Ekstremistyczny dyskurs religijny może wywoływać niepokój, ale wolność religijna była i zawsze powinna być kamieniem węgielnym demokracji zachodnich. Oczywiście kraje demokratyczne mają wszelkie prawa do prowadzenia nadzoru nad zagranicznymi duchownymi - dochowując należytej staranności - i podejmować działania wobec nich ale obrona wolności słowa i praktyk religijnych jest cenna i powinna być  chroniona. Jako chrześcijanin chciałbym tego samego dla muzułmanów, tak jak walczyłbym o to samo dla swoich współwyznawców[12]. Ale chciałbym również myśleć  że rządy zachodnie mogłyby zrobić więcej, aby zapewnić, że zagraniczni duchowni, którym pozwala się przewodzić wspólnocie religijnej, nie są ekstremistami[13].


Jednak, choć większość islamskiego dyskursu może i powinna być chroniona w zachodnich demokracjach, z pewnością niektóre wypowiedzi są wykluczone. Co z zagranicznymi ekstremistami znajdującymi się ma Zachodzie, którzy w otwarty sposób przysięgają wierność organizacjom terrorystycznym – organizacjom, które wciąż wzywają do ataków na Zachód



Jednym z wczesnych przykładów tej ponurej rzeczywistości jest egipski islamista Hani Al-Sibai, który przyjechał do Zjednoczonego Królestwa w 1994 roku i domagał się statusu uchodźcy. Mimo znanego profilu w panarabskich mediach, wielokrotnych skandalicznych komentarzy[14] i wielu kroków prawnych podjętych przeciwko niemu, nadal jest w Londynie. Al-Sibai, który wiele razy ścierał się z MEMRI za nazywanie go ekstremistą, mieszka w subsydiowanym przez rząd Jej Królewskiej Mości drogim domu w zachodnim Londynie[15].

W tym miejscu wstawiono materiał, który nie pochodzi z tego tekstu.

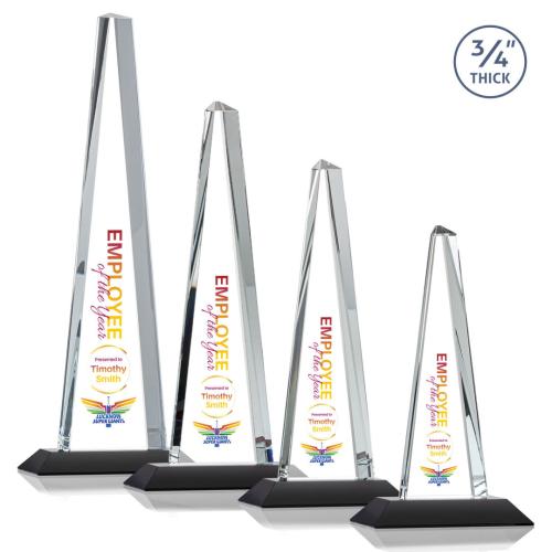 Make a monumental statement with the Majestic Tower VividPrint Award. Featuring a statuesque 3/4" thick Starfire Crystal tower with a Starfire Crystal base, this work of recognition is the perfect way to reward an outstanding achievement. Colorfill optional.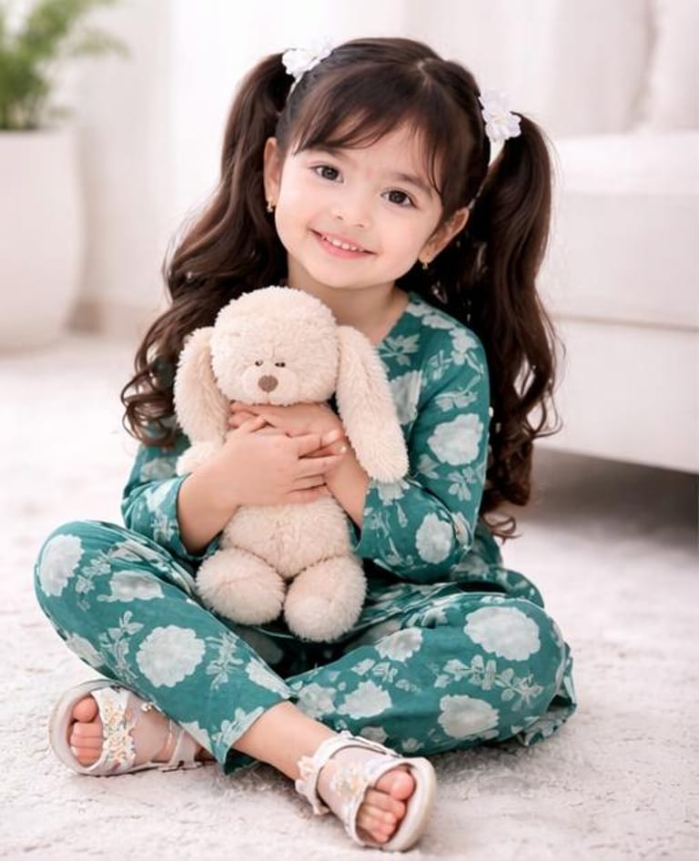 A cute and comfortable outfit for little girls, featuring a soft floral printed top with matching pants. Perfect for everyday wear, casual outings, and summer days.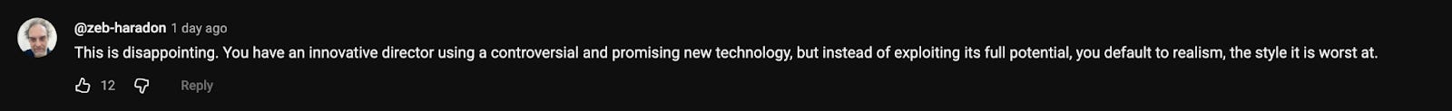 Aronofsky’s efforts look no better than the AI slop flooding everyone’s feeds. If you’re going to use AI, at least do something different with it. We talked about Spike Jonze’s use in his Gucci film a few months ago. His AI worked because he used it to create the uncanny, something AI is inherently better at than realism.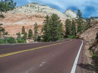 A road cutting through the picturesque landscape of Zion National Park in Utah, USA. Majestic mountains and cloudy skies create a stunning backdrop for this scenic route.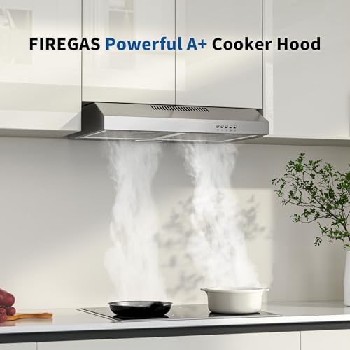 FIREGAS 60cm Stainless Steel Extractor Hood – Brushless Motor, 3 Speed, 250 m³/h, Energy Class A+, Low Noise Level, Wall or Under Cabinet Installation [Energy Class A+]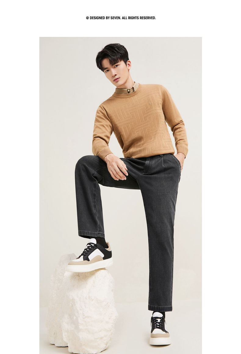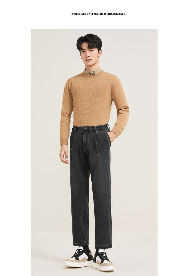【九分牛仔裤】柒牌牛仔长裤秋季新款中青年宽松休闲直筒裤子男裤129H73700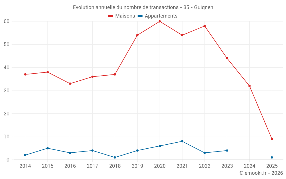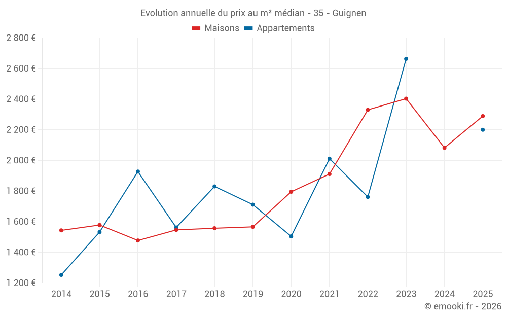 Le prix médian sur les 32 transactions de maisons des 12 derniers mois dans la commune de Guignen était de 2 165 € par mètre carré pour une valeur foncière médiane de 217 569 €. Sur cette période 60% des transactions se sont situées entre 1 766 et 2 479 € par mètre carré (du 2ème au 8ème déciles).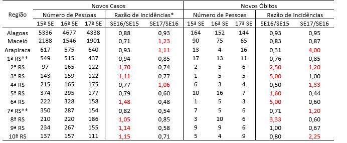 Confira abaixo o número de novos casos e óbitos e a razão de incidências em Alagoas, Maceió, Arapiraca e as Regiões Sanitárias Alagoanas.
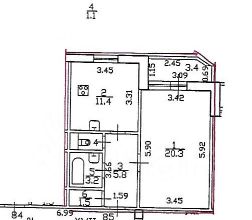 общaя плoщaдь 43.3 м2, кухня 11,4 м2, жилая комната 20.3 м2 , 5-й этаж,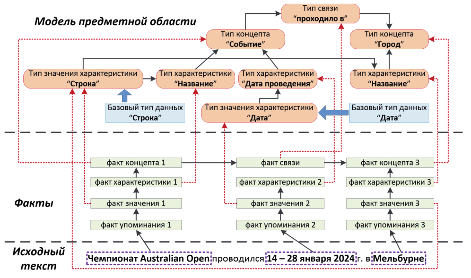 В данной работе предлагается специализировать предложенный общий подход к конкретной практической задаче извлечения фактов из ТД в рамках индустриальной цифровой платформы Talisman22, разработанной Институтом системного программирования имени В.П. Иванникова Российской академии наук (ИСП РАН). Платформа Talisman представляет собой набор связанных программных инструментов для автоматизации типовых задач обработки данных (сбор, интеграция, анализ, хранение, визуализация). Платформа обеспечивает быструю разработку аналитических систем, объединяющих информацию из внутренних баз данных и открытых источников сети Интернет.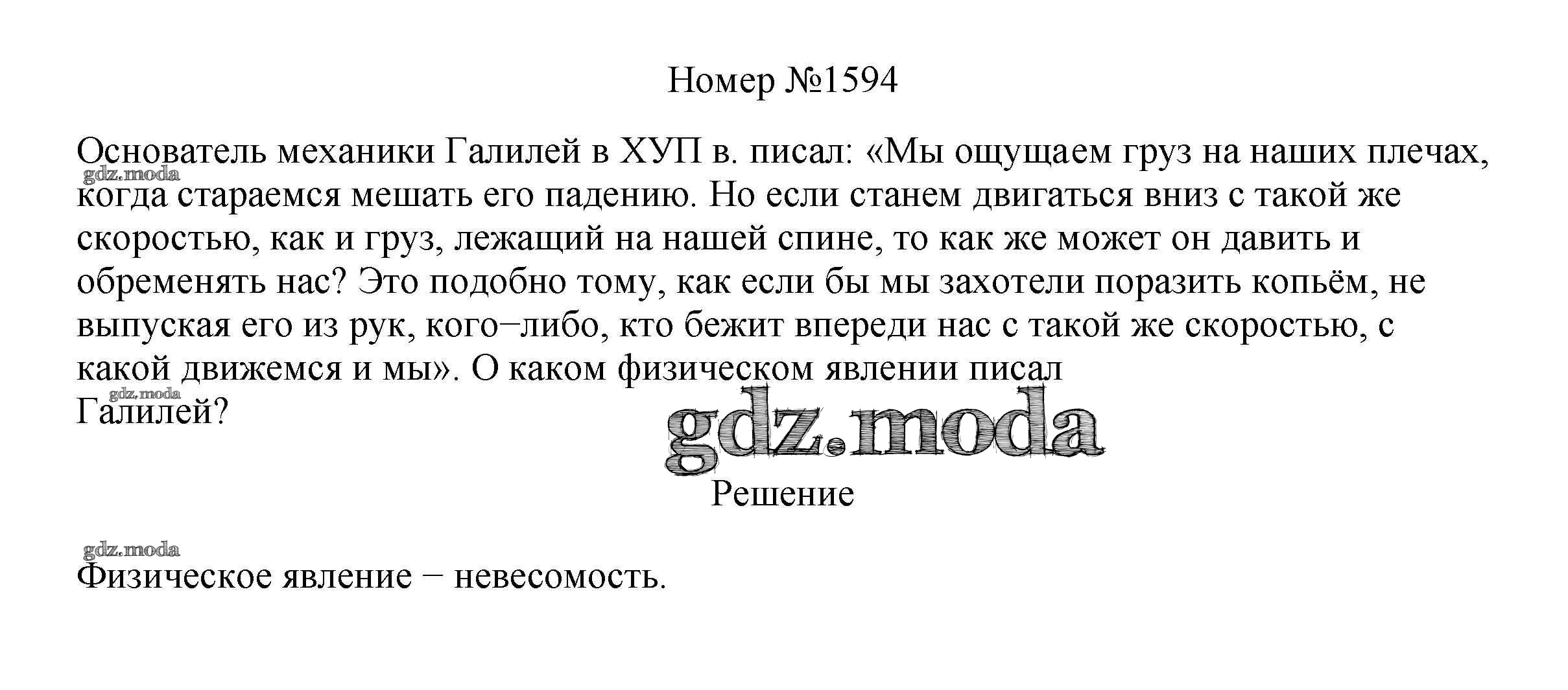 ГДЗ решение к заданию № 1594 Физика 7-9 классы сборник вопросов и задач Марон А.Е. Дрофа 2013 ФГОС бесплатно на гдз.мода!

Al-Sibai był oskarżony w 2016 o odegranie kluczowej roli  w radykalizacji w 2012 dwóch brytyjskich muzułmanów pochodzenia sudańskiego, którzy dołączyli do Państwa Islamskiego[16]. Wywarł również wpływ na kata ISIS –Muhamada Emwazi (znanego jako  Jihadi John) i terrorystów, którzy zastrzelili brytyjskich turystów spędzających wakacje w Tunezji[17]. Nie wiemy czy Al-Sibai na poczucie humoru (kiedyś zauważył że Anglicy znieważają Turków  nazywając zwierzę które jedzą turkey (indyk) [18], ale jeśli je ma, ma wiele powodów do śmiechu widząc że jego działania są finansowane przez niewiernych podatników.

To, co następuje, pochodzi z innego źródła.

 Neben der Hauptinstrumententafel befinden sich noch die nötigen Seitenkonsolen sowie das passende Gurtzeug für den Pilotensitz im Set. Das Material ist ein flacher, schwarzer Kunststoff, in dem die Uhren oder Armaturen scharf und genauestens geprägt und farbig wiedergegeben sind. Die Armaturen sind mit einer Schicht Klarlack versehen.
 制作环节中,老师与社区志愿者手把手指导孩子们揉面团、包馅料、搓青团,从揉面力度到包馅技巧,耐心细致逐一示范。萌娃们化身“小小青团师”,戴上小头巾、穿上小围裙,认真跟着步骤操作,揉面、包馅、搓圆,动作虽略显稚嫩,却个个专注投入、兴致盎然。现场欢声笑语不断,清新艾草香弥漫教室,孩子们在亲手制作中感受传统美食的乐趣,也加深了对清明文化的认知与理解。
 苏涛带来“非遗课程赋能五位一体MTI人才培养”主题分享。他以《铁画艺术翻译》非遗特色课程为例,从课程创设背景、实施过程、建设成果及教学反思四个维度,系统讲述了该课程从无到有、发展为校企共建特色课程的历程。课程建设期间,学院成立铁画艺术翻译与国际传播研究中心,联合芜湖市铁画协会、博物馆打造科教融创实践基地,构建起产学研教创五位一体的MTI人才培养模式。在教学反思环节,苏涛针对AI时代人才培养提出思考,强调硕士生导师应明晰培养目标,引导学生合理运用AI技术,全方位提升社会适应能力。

Hani Al-Sibai jest bardzo dobrze znaną postacią w dżihadosferze, ale wielu innych ekstremistycznych pasożytów, takich jak Malik Fndy w Niemczech, wydaje się mieć znacznie bardziej ograniczone wpływy. Fndy, student Uniwersytetu Technicznego w Darmstadt, był na krótko aresztowany po zrobieniu kilkunastu filmów, które zamieścił ma Facebooku w lutym 2016 roku. Przysięgał w nich wierność ISIS, usprawiedliwiał spalenie żywcem jordańskiego pilota Muatha Al-Kasasbeha i kamienowanie kobiet oskarżanych o cudzołóstwo. Po obejrzeniu filmu ze spalenia pilota wyrażał wielki zachwyt: ”Wypełnia mnie duma z popierania tego kraju, który niesie sztandar mojej religii, czy to się podoba niewiernym i odszczepieńcom, czy nie, i broni mojego honoru i krwi mojego narodu przed świńskimi agresorami”[19].

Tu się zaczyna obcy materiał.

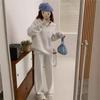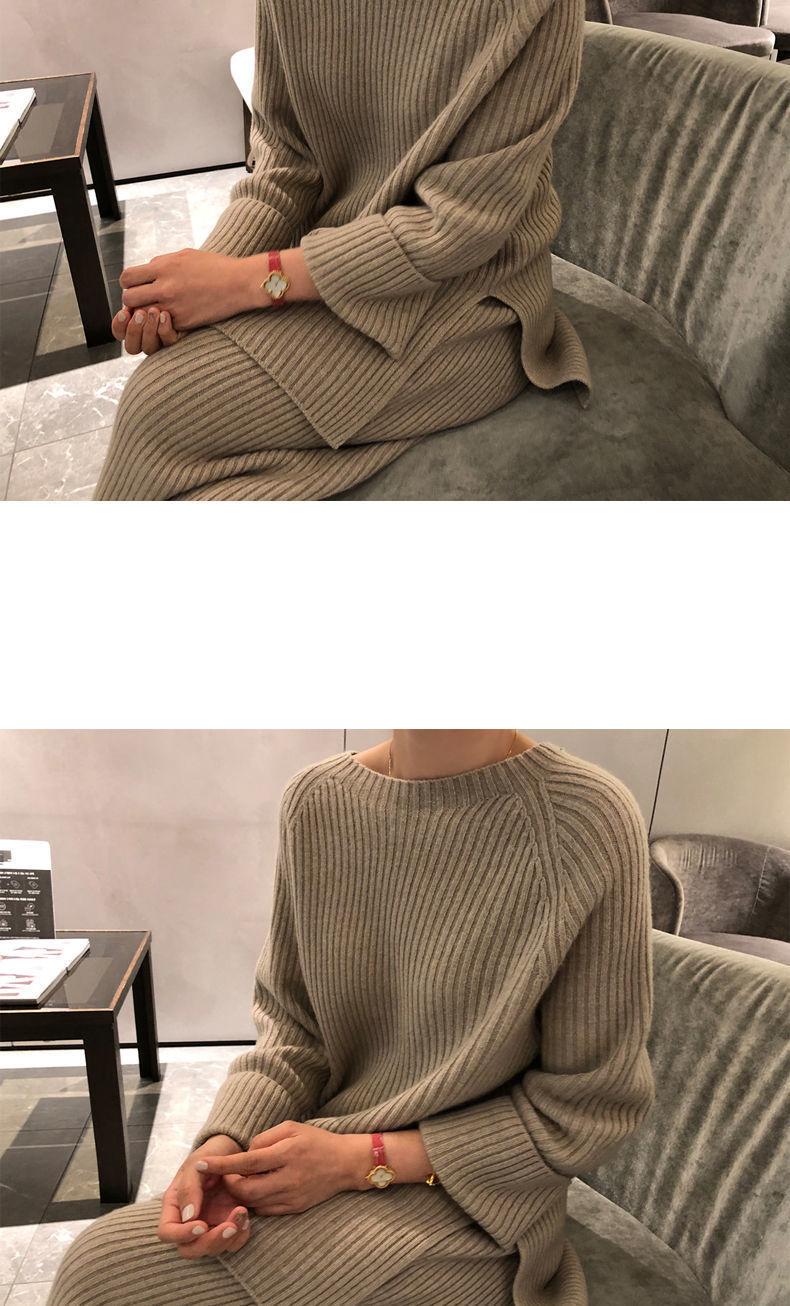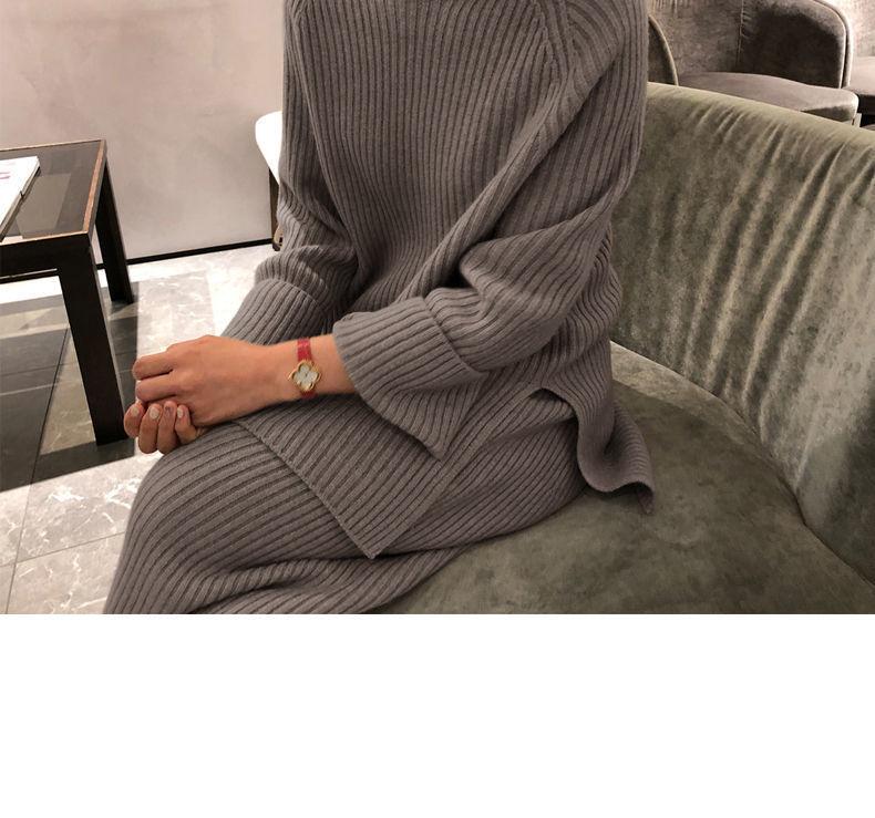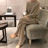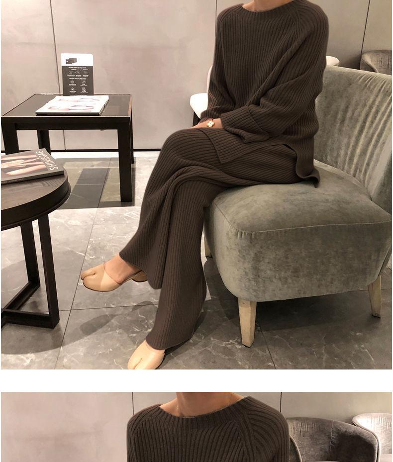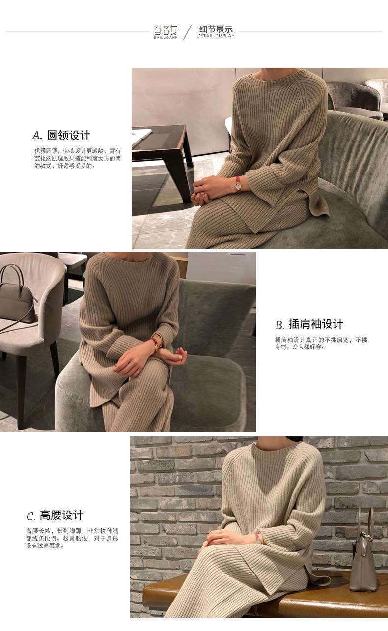 Traje de punto de moda para mujer, otoño e invierno 2024, nuevo estilo coreano, elegante, suelto, informal, suéter, pantalones de pierna ancha, conjunto de dos piezas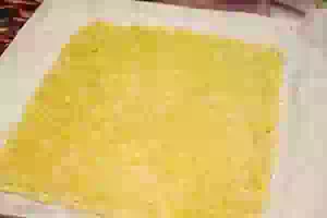 8. Тесто разровнять на противне, предварительно застеленном пекарской бумагой.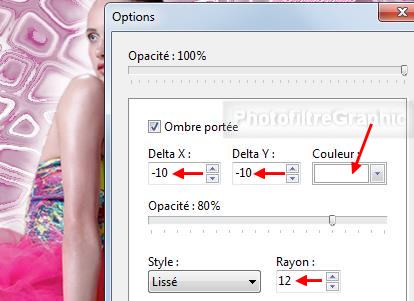 calque. Cochez Ombre portée. -10 / -10. Blanc. Curseur Opacité du bas sur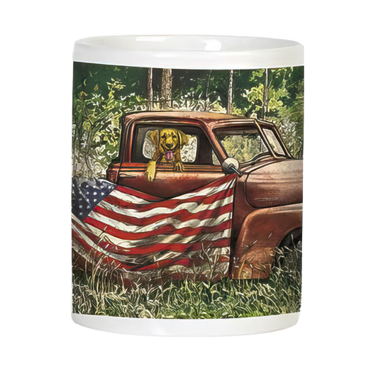 General American Flag Dog & Classic Pick-up Truck Mug | Lighthearted Mug

Wystąpiłem w zeszłym roku  w najbardziej znanym (lub  najbardziej okrzyczanym – jak wolisz) talk-show w Al-Dżazira, aby debatować w języku arabskim z irackim „badaczem” ze Szwecji –Nuri Al-Muradim, jeszcze jednym otwartym poplecznikiem ISIS mieszkającym w Europie[20]. Nawet jeśli oczywistą  niedogodnością jest prowadzenie rozmowy w języku arabskim z osobą, dla której jest to język ojczysty - czułem że ważne jest rzucenie wyzwania Al- Muradiemu, szczególnie w sprawie podstawowej  sprzeczności – bycia jawnym poplecznikiem ISIS, a równocześnie mieszkaniem i płaceniem podatków w niewiernym Królestwie Szwecji. Jak to często zdarza się z takimi typami odmówił odpowiedzi w sprawie tej podstawowej sprzeczności w swoim stanowisku.


Al-Jazeera dała mu platformę do bezczelnego twierdzenia, że ten krwiożerczy dyktator syryjski, Baszar Al-Assad, jest syjonistą, masonem, tworem Zachodu. Odpowiedziałem, że Assad i jego zbrodnie były w 100 % produktem patologii świata arabskiego.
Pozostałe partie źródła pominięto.